Still, yellow jackets can be belligerent—they’re the social wasps that unfortunately give the unsocial, peaceful wasps a bad name. Mostly, this irritation of yellow jackets occurs in October, when their queen dies. A queen dying would make anyone surly, but especially yellow jackets.

So, what should you do if they become a problem?

What I discovered is that most common solutions are either terrible for the environment or, well, complicated. The most thorough way is for someone experienced to don a beekeeper’s outfit and vacuum out the ground nest after dark, when the yellow jackets are asleep.

The other time-honored way is the dubious one of pouring pesticide into the nest or, worse, pouring gasoline in and sealing the nest (illegal in most places). In addition to ruining the environment around the nest, these methods are not reliable, because the queen often escapes—and then goes on to produce a million more even angrier yellow jackets.
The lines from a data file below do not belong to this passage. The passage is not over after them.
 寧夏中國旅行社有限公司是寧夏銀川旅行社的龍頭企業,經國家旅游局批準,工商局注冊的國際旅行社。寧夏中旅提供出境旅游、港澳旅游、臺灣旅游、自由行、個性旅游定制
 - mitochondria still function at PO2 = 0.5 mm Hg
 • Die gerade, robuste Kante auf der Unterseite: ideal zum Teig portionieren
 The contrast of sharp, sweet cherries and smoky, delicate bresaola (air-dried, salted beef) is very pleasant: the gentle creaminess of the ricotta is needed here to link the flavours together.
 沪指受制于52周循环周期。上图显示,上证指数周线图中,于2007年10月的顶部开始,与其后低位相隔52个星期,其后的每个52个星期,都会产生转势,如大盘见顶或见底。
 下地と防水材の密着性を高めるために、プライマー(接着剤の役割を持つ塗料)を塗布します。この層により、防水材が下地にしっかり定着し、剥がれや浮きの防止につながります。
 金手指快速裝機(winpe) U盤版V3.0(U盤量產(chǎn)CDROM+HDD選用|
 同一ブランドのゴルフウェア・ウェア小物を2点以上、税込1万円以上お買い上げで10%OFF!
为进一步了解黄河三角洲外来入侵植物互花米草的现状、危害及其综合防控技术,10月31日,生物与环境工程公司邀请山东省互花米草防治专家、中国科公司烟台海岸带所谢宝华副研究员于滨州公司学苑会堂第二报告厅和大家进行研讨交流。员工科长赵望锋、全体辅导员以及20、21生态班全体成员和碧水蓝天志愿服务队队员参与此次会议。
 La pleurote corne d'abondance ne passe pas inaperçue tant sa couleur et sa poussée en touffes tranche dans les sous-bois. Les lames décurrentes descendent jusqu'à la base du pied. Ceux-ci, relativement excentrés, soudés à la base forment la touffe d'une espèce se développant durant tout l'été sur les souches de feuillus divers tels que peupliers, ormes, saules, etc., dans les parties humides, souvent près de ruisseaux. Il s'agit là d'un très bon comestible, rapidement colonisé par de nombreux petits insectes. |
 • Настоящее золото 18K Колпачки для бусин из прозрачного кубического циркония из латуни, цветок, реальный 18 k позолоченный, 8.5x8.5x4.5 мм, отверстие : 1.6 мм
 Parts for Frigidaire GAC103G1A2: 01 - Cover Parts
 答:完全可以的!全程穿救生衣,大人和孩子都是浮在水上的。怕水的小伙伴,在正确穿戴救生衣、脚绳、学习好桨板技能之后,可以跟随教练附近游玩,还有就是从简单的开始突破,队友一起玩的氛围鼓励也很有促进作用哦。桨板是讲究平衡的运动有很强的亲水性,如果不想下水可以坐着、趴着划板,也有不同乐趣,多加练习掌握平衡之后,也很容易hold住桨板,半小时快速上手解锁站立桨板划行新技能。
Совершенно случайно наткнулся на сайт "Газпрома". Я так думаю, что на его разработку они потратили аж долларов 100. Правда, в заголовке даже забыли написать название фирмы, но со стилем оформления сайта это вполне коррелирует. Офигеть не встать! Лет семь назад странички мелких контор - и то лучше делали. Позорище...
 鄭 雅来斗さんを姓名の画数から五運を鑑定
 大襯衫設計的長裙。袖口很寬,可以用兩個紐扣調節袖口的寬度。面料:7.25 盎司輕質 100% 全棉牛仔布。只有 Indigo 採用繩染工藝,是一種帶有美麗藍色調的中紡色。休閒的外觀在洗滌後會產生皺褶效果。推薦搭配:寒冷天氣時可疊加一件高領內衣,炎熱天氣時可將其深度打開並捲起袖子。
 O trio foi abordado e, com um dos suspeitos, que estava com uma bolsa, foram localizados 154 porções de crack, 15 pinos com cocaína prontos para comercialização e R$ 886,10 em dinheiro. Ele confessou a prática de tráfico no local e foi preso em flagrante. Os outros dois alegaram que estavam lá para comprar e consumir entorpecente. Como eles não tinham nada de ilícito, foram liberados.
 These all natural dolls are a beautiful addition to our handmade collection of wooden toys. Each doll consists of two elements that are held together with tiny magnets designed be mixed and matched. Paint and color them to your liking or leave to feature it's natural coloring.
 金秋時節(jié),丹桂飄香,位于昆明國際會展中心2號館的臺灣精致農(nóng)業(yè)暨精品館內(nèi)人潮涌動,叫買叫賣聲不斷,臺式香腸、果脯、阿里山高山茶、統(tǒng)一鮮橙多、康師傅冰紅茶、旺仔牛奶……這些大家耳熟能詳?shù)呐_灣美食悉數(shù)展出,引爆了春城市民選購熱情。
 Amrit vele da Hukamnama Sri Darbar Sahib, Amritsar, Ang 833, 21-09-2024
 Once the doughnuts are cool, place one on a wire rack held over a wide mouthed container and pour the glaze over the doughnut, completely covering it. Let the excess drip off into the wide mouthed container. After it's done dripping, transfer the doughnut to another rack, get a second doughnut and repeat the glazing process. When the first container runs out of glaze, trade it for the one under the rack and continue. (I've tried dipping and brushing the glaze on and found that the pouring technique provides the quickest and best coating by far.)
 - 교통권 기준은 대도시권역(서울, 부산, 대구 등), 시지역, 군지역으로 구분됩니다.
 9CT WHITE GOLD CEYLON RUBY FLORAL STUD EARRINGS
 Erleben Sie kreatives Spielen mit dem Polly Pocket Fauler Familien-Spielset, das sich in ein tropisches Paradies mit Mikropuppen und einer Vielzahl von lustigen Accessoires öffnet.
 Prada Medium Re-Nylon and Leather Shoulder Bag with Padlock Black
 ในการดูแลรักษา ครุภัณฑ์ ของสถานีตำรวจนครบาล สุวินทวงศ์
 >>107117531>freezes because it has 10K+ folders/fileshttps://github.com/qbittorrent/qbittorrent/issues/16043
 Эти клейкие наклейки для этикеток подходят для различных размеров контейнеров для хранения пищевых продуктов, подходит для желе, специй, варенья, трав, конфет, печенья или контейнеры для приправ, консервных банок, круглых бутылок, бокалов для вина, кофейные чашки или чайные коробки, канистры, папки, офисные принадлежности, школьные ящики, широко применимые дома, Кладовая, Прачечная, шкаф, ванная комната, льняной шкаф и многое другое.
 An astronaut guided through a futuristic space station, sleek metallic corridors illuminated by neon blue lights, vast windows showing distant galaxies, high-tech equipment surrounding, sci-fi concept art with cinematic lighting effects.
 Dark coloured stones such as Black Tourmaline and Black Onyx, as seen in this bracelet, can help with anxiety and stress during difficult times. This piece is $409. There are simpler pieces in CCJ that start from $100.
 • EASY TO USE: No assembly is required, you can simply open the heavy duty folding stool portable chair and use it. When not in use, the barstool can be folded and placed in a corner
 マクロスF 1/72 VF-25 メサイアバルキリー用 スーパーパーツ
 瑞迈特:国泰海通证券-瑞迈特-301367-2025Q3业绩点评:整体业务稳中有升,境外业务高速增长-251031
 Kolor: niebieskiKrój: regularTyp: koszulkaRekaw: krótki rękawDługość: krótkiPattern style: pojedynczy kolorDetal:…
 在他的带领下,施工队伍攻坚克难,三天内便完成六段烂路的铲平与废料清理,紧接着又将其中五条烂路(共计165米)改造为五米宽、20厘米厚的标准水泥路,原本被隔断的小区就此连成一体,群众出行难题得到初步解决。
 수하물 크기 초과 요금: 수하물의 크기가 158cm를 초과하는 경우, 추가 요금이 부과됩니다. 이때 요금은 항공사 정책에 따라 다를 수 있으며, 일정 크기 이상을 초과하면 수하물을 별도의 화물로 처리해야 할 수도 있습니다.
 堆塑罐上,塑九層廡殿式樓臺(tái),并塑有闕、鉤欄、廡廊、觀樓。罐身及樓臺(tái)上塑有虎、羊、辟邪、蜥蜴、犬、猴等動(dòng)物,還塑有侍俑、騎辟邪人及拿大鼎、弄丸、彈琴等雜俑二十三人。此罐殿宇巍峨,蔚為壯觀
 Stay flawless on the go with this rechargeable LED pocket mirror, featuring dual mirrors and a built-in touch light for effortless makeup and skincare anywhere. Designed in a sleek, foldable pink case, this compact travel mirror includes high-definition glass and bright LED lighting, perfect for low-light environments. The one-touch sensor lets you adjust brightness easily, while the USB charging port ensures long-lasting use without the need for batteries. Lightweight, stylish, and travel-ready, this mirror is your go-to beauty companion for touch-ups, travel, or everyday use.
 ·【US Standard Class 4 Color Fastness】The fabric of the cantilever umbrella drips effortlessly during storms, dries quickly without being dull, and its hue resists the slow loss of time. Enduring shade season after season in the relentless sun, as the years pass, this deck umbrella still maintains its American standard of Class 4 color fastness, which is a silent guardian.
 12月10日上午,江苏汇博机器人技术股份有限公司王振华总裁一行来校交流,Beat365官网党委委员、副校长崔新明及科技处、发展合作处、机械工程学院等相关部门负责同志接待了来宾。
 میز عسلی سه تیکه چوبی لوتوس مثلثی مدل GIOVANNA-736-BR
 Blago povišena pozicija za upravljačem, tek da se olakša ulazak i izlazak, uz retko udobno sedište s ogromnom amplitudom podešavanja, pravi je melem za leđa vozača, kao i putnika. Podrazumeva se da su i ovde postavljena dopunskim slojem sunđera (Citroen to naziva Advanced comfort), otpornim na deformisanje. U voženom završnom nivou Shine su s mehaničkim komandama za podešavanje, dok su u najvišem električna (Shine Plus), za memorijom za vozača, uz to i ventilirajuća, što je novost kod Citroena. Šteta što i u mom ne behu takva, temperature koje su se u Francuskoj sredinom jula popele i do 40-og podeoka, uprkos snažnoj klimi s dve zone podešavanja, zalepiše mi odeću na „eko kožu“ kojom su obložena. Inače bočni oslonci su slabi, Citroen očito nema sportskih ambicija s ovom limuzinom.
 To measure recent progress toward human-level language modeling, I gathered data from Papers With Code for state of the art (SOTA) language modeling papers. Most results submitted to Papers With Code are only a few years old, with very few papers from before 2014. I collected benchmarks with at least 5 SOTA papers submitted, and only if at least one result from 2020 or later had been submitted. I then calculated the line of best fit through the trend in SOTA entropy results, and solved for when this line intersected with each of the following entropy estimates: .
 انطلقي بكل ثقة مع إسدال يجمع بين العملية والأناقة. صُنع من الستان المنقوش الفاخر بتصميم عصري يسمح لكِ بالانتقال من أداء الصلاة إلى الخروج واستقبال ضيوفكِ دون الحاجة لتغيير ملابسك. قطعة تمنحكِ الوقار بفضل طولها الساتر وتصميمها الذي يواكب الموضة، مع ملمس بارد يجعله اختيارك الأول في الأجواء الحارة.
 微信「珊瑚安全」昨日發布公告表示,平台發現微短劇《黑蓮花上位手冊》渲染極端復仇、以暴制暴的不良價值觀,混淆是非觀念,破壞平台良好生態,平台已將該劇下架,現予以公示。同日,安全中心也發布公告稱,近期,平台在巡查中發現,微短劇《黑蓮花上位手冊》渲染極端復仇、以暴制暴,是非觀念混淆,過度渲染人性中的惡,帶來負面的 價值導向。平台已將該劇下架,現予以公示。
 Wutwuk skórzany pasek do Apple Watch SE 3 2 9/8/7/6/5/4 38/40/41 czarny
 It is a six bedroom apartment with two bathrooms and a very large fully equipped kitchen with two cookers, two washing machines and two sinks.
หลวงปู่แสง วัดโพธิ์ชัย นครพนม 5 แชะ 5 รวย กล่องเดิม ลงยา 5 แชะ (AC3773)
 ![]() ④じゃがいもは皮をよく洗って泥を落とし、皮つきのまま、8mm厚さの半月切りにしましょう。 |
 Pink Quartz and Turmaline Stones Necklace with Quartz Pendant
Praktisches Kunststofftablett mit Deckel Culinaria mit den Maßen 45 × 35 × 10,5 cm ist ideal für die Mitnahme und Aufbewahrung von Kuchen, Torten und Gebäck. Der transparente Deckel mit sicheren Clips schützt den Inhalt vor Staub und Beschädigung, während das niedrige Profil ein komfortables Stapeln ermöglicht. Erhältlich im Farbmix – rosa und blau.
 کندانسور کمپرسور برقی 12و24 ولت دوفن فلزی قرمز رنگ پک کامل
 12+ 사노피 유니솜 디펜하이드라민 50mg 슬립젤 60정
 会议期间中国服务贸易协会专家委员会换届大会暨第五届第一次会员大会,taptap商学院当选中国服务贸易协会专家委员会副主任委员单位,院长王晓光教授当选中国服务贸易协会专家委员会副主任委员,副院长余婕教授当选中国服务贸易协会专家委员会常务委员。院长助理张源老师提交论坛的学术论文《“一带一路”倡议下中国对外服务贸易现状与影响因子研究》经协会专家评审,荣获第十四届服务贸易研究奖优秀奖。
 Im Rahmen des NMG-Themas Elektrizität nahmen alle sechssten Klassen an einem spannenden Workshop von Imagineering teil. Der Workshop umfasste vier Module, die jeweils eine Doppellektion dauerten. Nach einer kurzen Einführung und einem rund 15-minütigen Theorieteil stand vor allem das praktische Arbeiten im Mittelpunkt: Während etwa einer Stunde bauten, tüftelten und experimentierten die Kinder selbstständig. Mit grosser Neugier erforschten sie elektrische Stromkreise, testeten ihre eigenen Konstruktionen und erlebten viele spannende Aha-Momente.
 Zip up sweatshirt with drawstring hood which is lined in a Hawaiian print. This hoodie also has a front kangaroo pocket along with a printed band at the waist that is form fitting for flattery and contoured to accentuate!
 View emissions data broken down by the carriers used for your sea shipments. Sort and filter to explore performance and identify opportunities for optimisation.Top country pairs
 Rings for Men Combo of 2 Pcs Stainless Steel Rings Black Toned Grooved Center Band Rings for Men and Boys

So, in wanting to do right by the neighbors who have legitimate concerns, I came up with an effective solution that also happens to require very little effort on my part. At dusk, when the yellow jackets begin to sleep, put a spoonful of peanut butter next to the mouth of their ground nest. In the morning, more likely than not the entire nest will be dug up and every last yellow jacket and grub eaten. It’s like a holiday miracle! Only it’s usually happening in July or August.

Who’s the secret hero of this story? Raccoons, who love yellow jackets. The only problem is, without the strong scent of the peanut butter, raccoons may not find the ground nest for weeks or months. Other creatures also love to dig up yellow jacket nests, but again, on their schedule, not yours. So, you just have to nudge the process along a little.

I’ve used this method four times now, and three of the four times it only took one night for the nest to be destroyed. (I promise that you will not habituate any neighborhood raccoons to being fed if they get a scoop of peanut butter a couple of times a year.)


Suffering armadillo garden damage? Hey, presto, not now!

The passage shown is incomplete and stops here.